Records for processing.
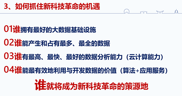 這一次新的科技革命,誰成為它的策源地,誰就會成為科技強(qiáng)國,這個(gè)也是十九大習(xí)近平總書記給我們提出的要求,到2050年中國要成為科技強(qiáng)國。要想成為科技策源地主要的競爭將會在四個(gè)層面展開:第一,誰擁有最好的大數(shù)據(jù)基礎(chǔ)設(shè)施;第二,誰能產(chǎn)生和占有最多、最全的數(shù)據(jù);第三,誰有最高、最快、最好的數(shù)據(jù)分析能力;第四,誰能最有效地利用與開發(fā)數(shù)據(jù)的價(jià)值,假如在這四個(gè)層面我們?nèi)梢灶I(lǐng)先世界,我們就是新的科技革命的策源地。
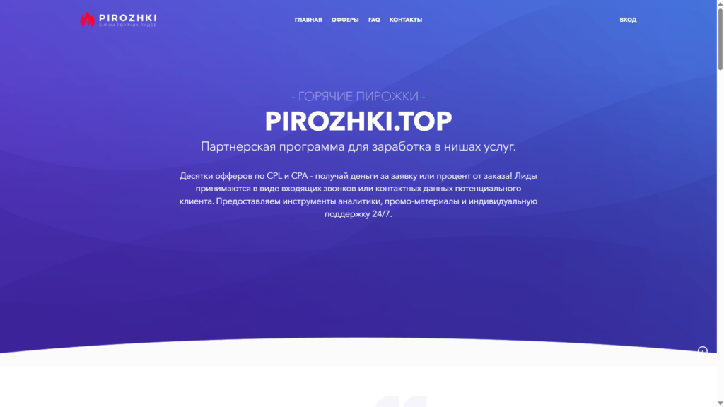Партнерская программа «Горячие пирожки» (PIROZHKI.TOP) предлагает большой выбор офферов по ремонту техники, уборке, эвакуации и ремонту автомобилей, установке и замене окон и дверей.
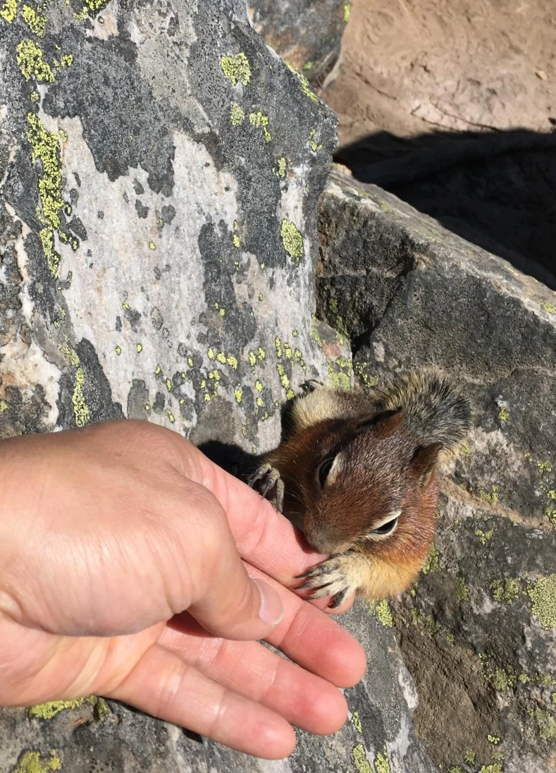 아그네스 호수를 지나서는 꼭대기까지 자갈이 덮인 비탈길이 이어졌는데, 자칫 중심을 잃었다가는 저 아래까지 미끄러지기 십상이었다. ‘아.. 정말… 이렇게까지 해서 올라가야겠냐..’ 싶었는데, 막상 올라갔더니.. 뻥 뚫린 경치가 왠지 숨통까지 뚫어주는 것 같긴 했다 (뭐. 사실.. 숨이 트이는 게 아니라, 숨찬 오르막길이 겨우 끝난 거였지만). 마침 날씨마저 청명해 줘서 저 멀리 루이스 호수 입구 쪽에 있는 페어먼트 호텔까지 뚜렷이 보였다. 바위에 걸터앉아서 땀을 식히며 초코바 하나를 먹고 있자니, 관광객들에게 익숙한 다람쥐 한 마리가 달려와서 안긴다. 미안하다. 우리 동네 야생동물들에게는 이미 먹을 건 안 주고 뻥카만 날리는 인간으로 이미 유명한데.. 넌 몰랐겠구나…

==

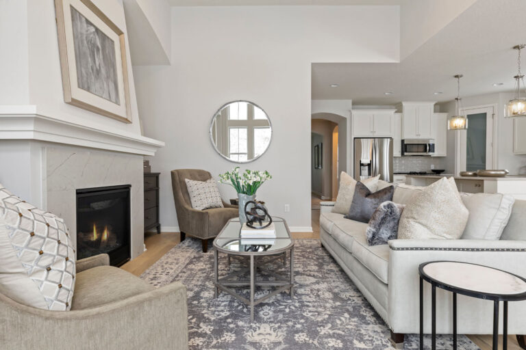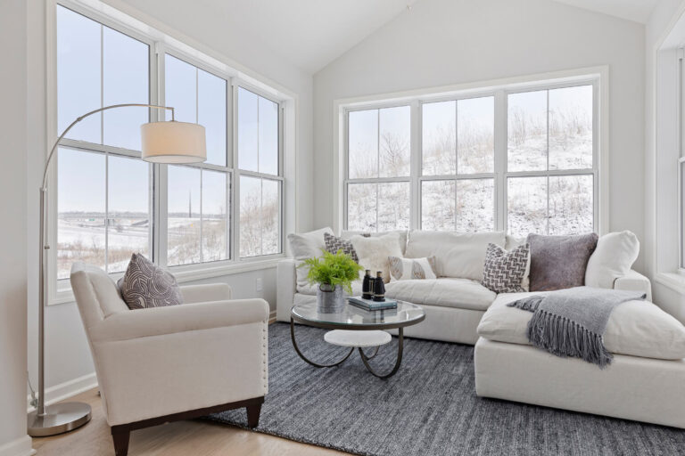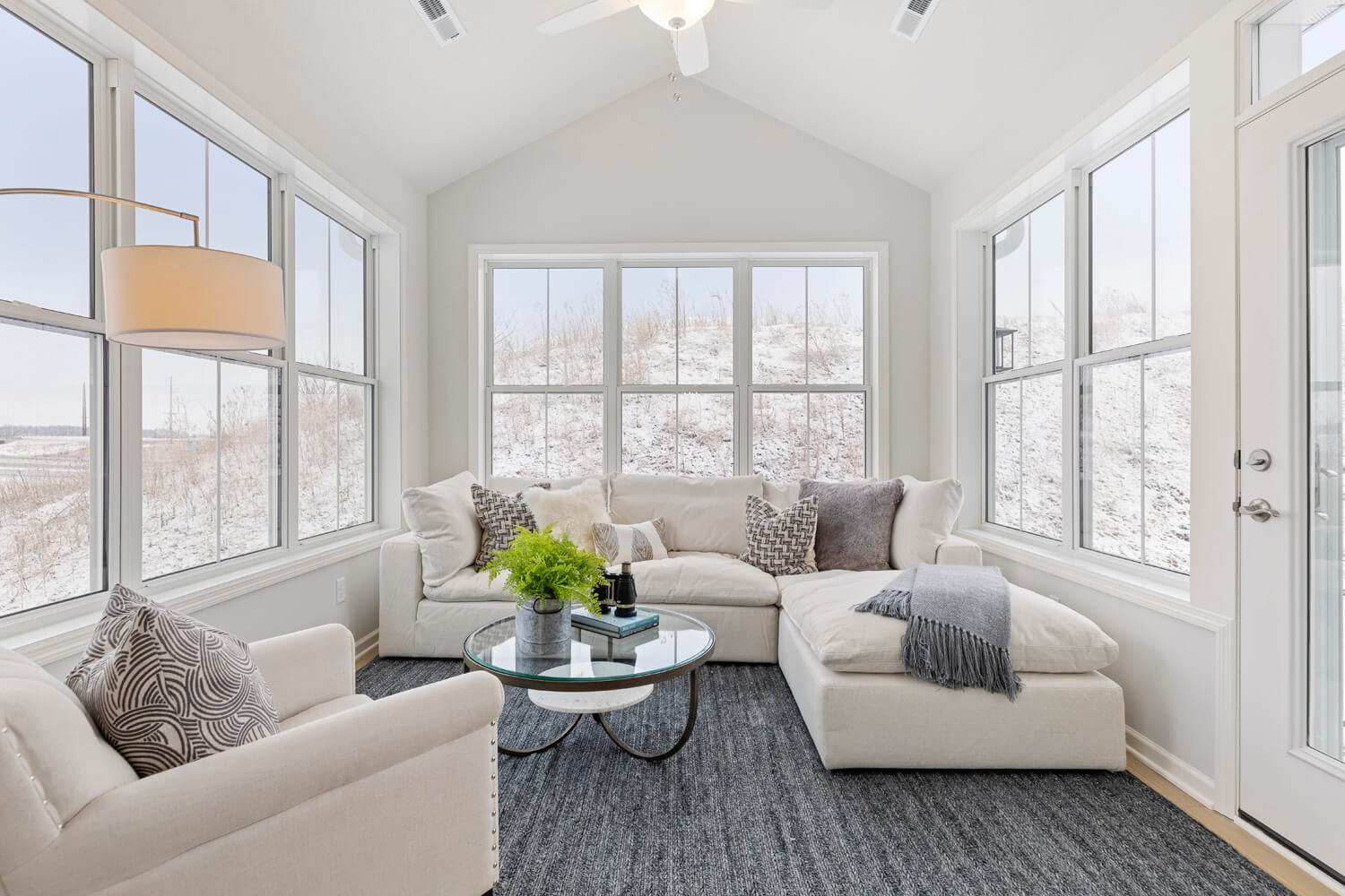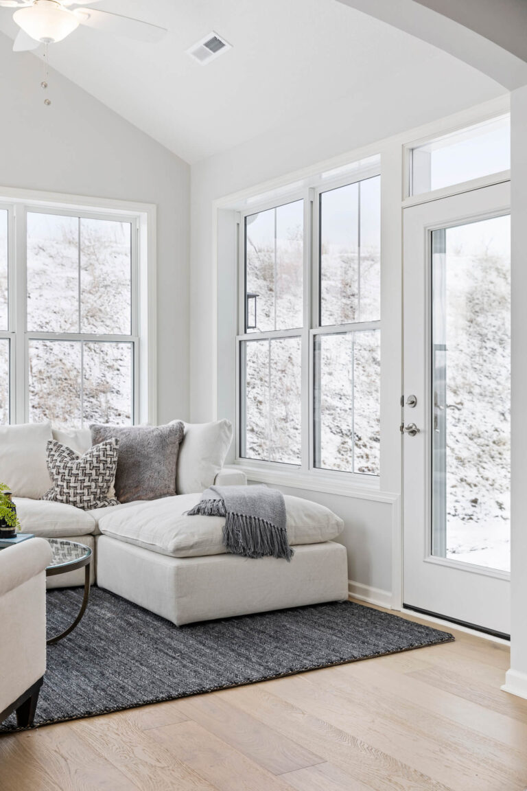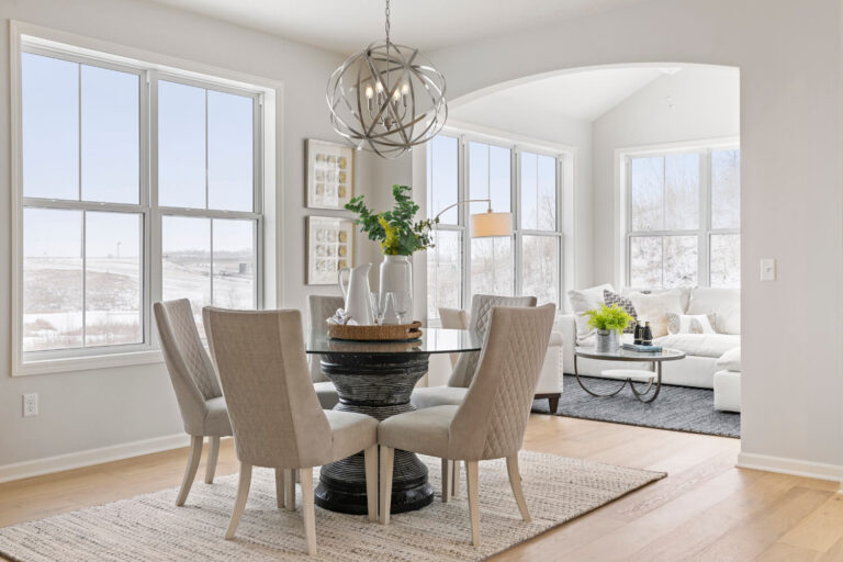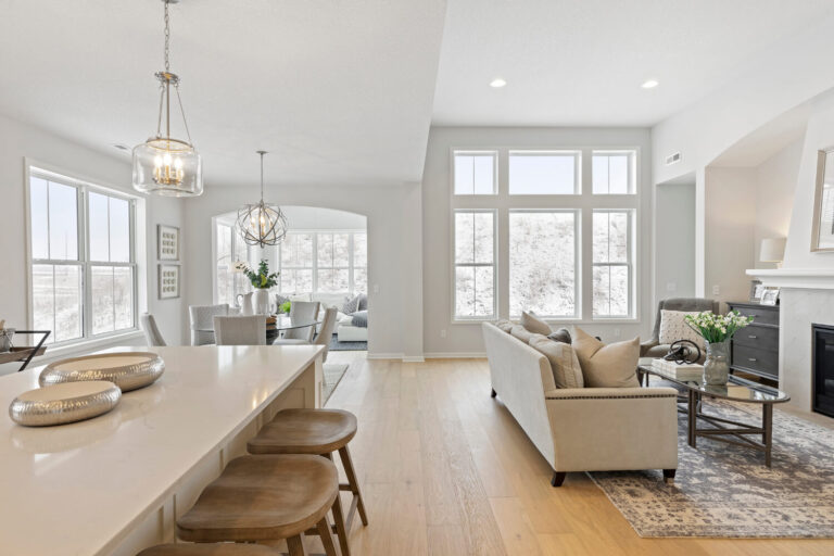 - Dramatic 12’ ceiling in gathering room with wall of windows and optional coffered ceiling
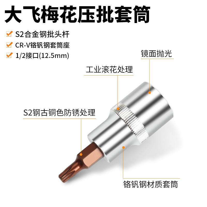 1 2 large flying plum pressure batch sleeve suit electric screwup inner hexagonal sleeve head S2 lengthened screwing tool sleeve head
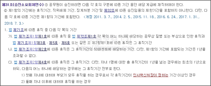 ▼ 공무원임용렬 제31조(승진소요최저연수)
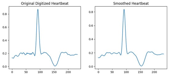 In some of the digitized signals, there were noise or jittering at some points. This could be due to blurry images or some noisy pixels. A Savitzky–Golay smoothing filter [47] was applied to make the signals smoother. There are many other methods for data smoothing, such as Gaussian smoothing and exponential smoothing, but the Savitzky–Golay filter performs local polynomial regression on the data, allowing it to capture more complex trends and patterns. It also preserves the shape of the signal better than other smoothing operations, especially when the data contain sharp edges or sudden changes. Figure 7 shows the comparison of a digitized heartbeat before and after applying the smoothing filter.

---

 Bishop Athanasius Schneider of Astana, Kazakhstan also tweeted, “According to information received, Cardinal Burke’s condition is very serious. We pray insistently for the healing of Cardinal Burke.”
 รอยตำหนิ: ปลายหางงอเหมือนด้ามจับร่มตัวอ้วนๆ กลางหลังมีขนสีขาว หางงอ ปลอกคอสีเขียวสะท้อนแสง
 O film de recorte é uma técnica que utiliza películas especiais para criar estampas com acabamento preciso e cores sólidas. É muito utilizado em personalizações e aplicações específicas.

Instructions to follow.
In the listing above, locate the line containing "รอยตำหนิ: ปลายหางงอเหมือนด้ามจับร่มตัวอ้วนๆ กลางหลังมีขนสีขาว" and the line containing "O film de recorte", then transcribe both and every line between them verbatim.

Task result.
 รอยตำหนิ: ปลายหางงอเหมือนด้ามจับร่มตัวอ้วนๆ กลางหลังมีขนสีขาว หางงอ ปลอกคอสีเขียวสะท้อนแสง
 O film de recorte é uma técnica que utiliza películas especiais para criar estampas com acabamento preciso e cores sólidas. É muito utilizado em personalizações e aplicações específicas.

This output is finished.